WORK INSTRUCTION
I'd like an exact copy of only the lines from the start of the listing below through the line that holds "Pictured: 478 Elm". Please keep the pictures out.
-- RECORDED INFORMATION follows --
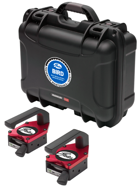
PRODUCT # 7420-1001
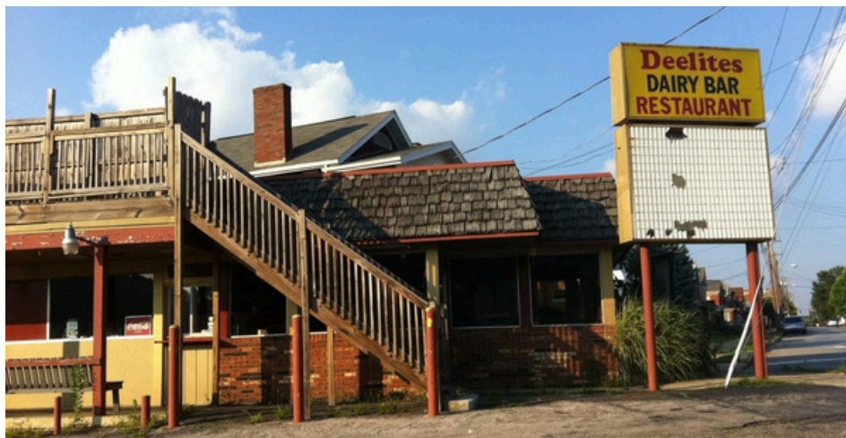
Pictured: 478 Elm Street in the late 2000s, operating as Deelites with their rooftop deck

Though perhaps not the most space with the opening of their historic building in Ludlow, the restaurant 1975, whose name pays homage to the LHS football state champs of the same year. 1975 will be open Monday – Friday for lunch and dinner, Saturday for Breakfast, Lunch, and Dinner, and Sunday for Breakfast and Lunch. Their menu will include burgers, chicken sandwiches, fries, soft serve ice cream and milkshakes, and will feature several items from the original Reeves Drive In menu – a double decker cheeseburger called the Big Burr and the Footlong Cheese Coney. Follow 1975 on Facebook for more information! commercial building sitting at the corner of Elm and Adela has seen its share of change. The structure was originally built by brothers Burr and Jim Reeves in 1958 to house their new business, Reeves Drive In (originally named Dairy Cheer but was renamed after learning of an existing business by the same name). Over the years this location has been home to a variety of eateries including Deelites Dairy Bar, Subway, and most recently, Bucks Barbecue. This year, Matt Brock and Austin Bauer are breathing new life into this
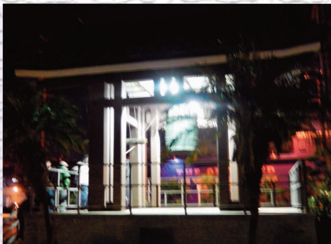
Following the New Year's Eve service (Joya-e), the service attendees had the opportunity to toll the bonsho (large bell).
-- RECORDED INFORMATION concluded --
EXPECTED ANSWER
PRODUCT # 7420-1001
Pictured: 478 Elm Street in the late 2000s, operating as Deelites with their rooftop deck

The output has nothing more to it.